**Data below:**

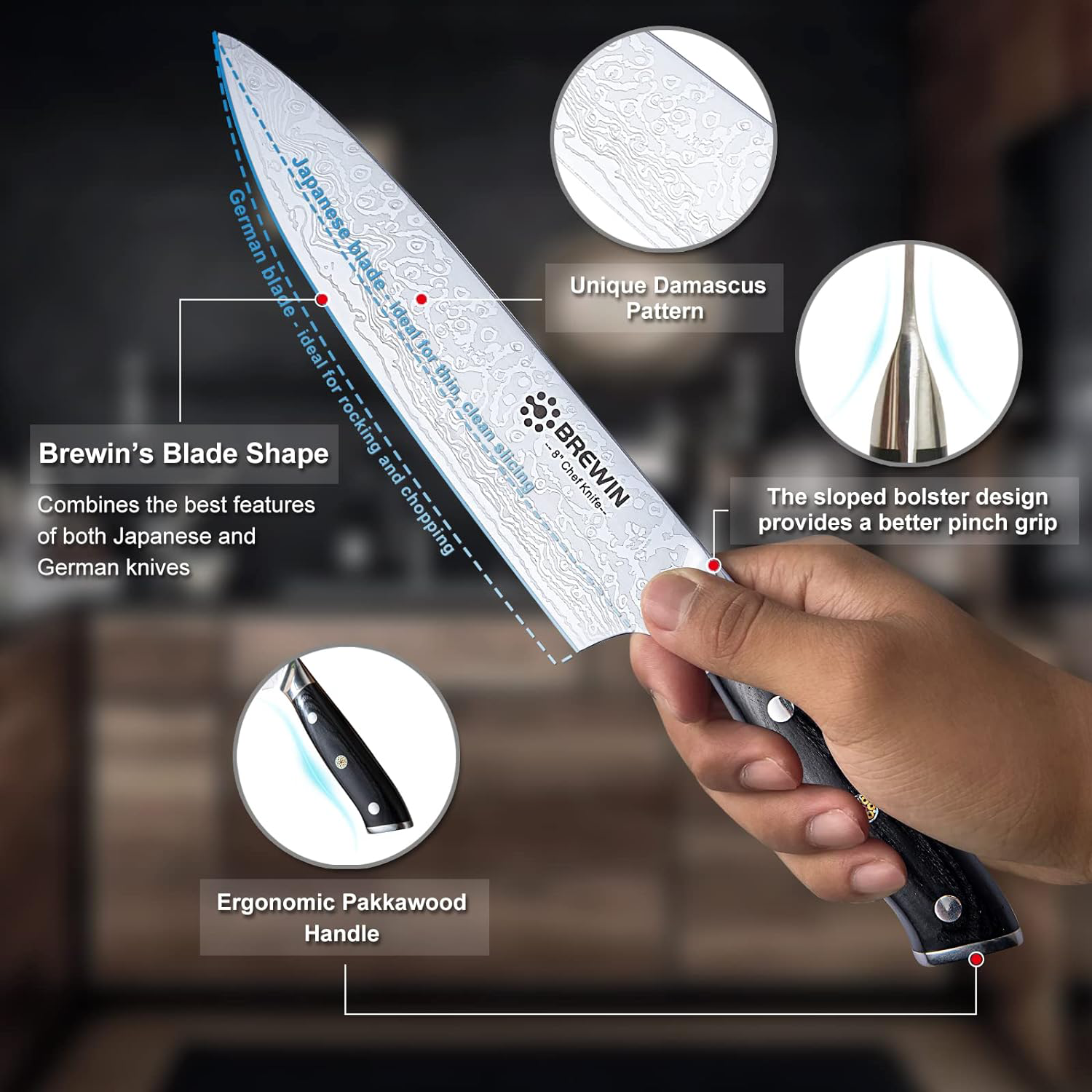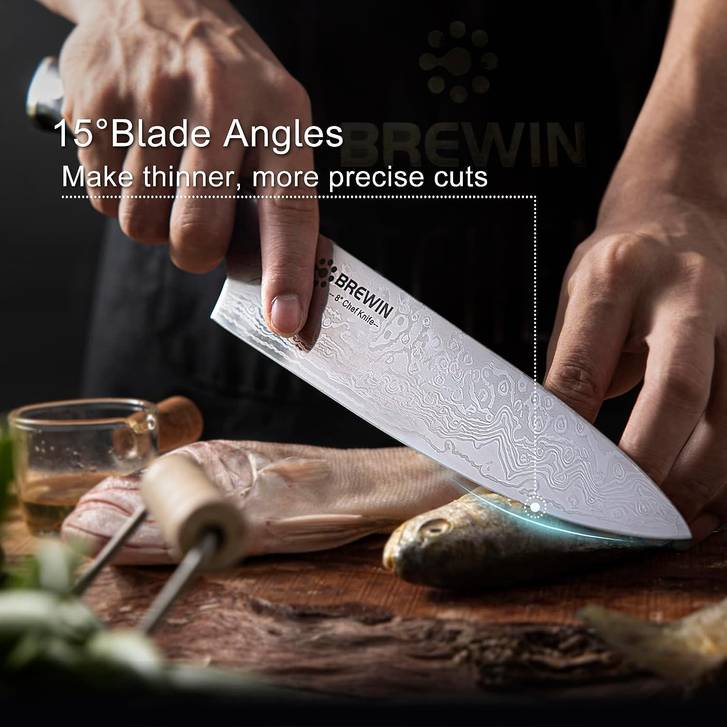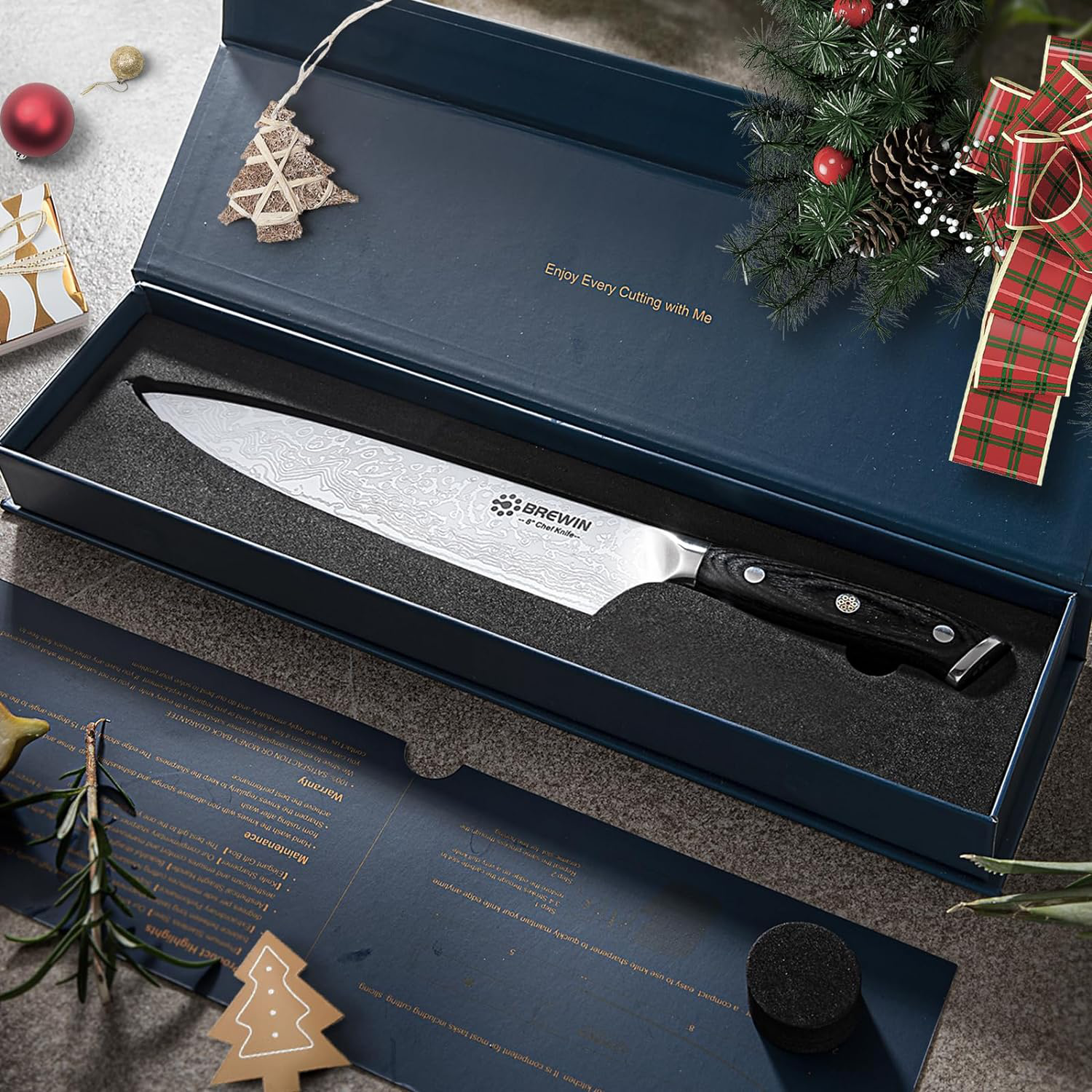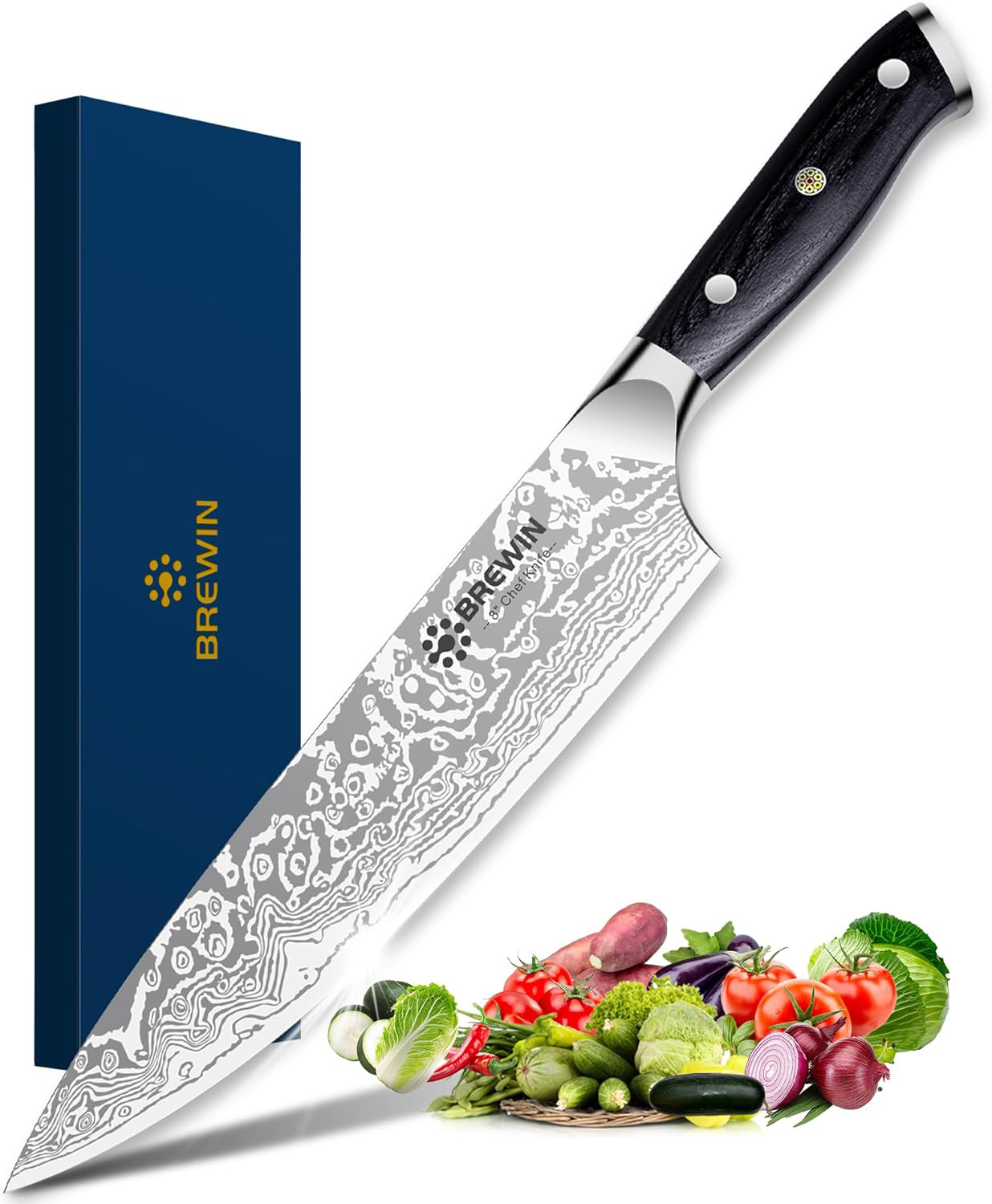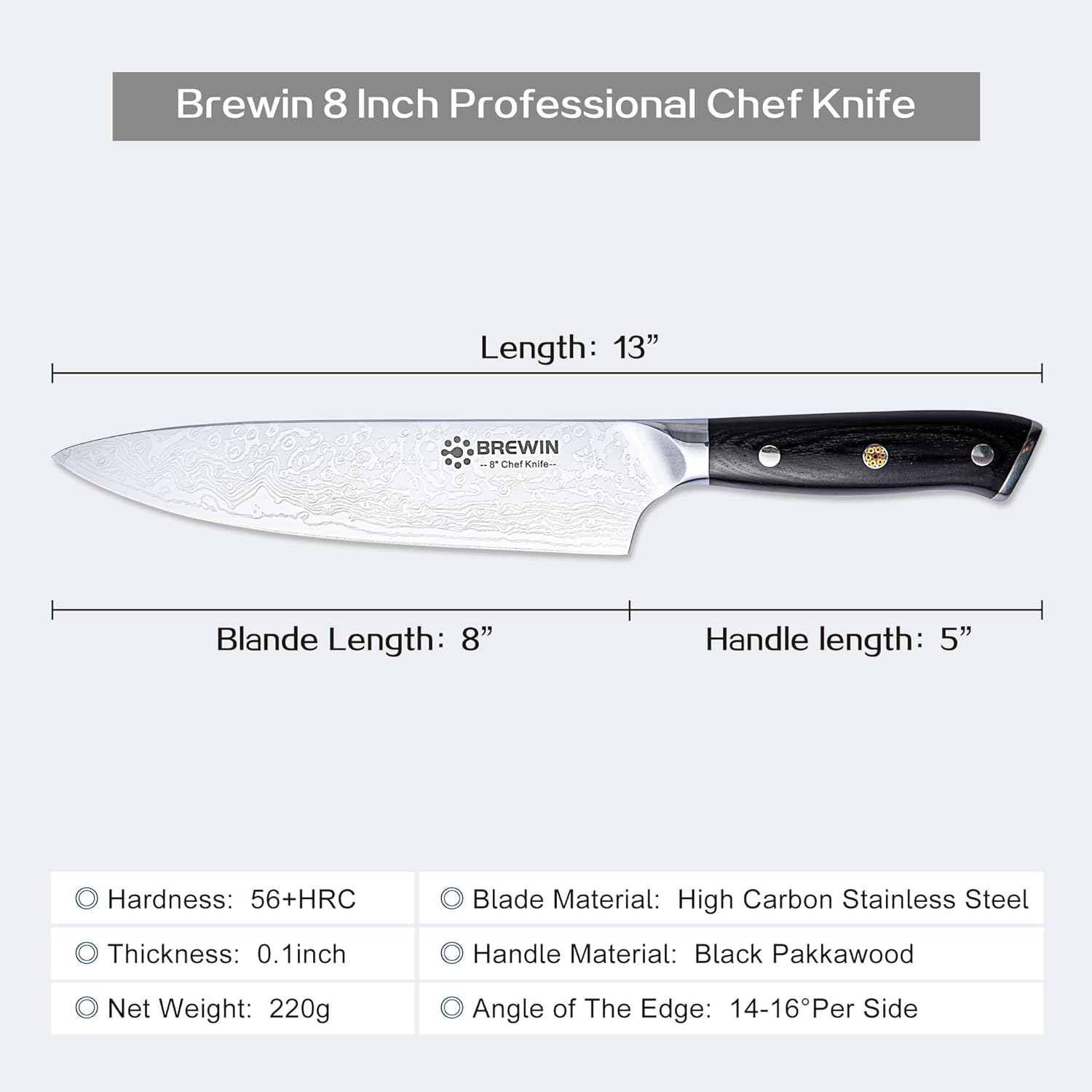 This 8 chef's knife is the perfect tool for precision cutting. Its full-tang design and pakkawood handle provide balance and strength. allowing you to effortlessly chop. dice. and mince. Its German stainless steel blade holds a sharp edge. ensuring your meals are always masterfully crafted.
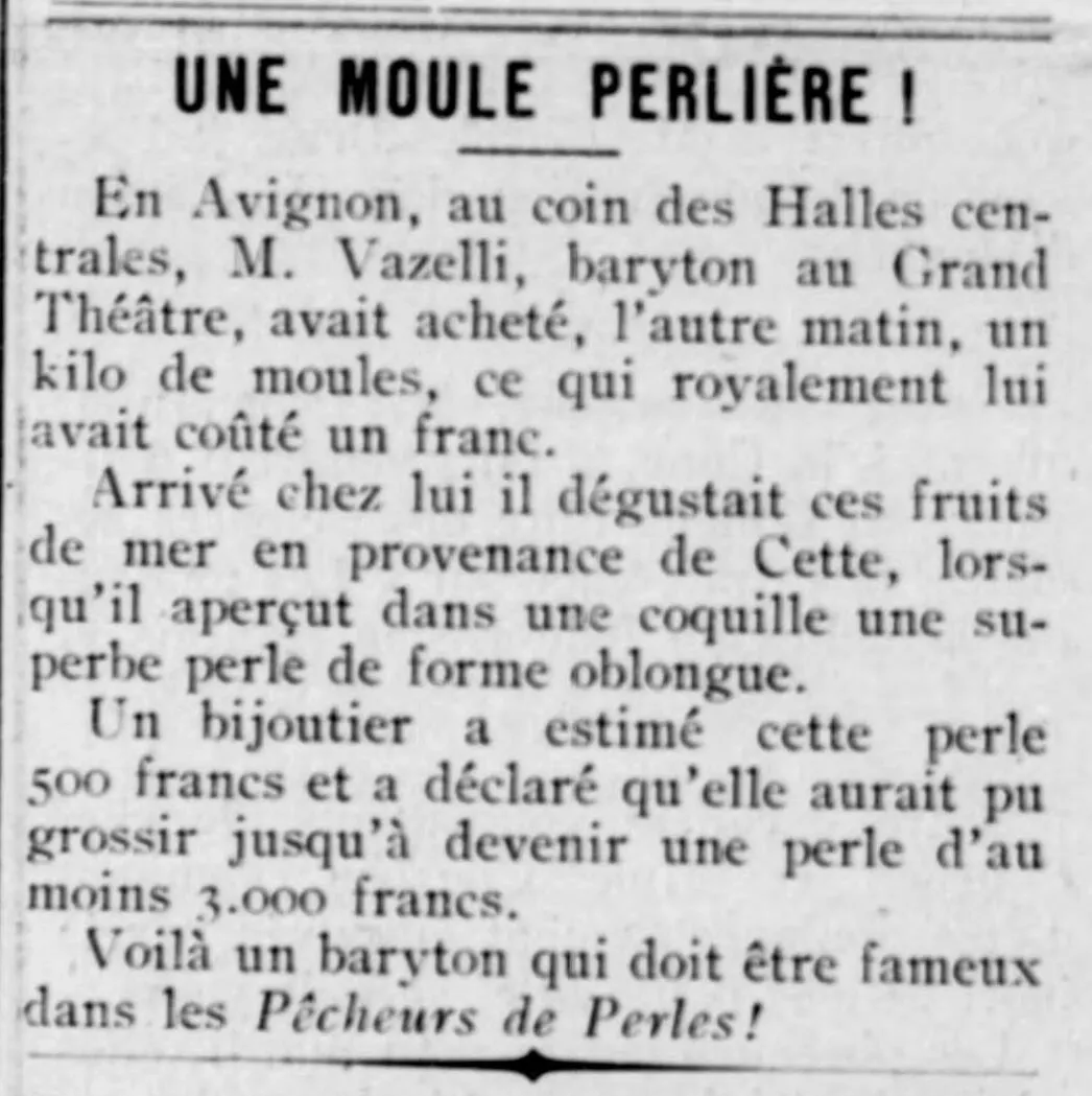 A PEARL MUSSEL! In Avignon, at the corner of the Halles Centrales, Mr. Vazelli, a baritone at the Grand Théâtre, had bought a kilo of mussels the other morning, which had cost him a royal franc. |
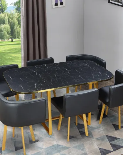 Set tavolo e 6 sedie Oslo XL effetto marmo dorato ed ecopelle nera - 150x90x75 cm

**What needs to be done:** Line by line, write out the material above exactly, with no images.

**Response:**
 This 8 chef's knife is the perfect tool for precision cutting. Its full-tang design and pakkawood handle provide balance and strength. allowing you to effortlessly chop. dice. and mince. Its German stainless steel blade holds a sharp edge. ensuring your meals are always masterfully crafted.
 A PEARL MUSSEL! In Avignon, at the corner of the Halles Centrales, Mr. Vazelli, a baritone at the Grand Théâtre, had bought a kilo of mussels the other morning, which had cost him a royal franc. |
 Set tavolo e 6 sedie Oslo XL effetto marmo dorato ed ecopelle nera - 150x90x75 cm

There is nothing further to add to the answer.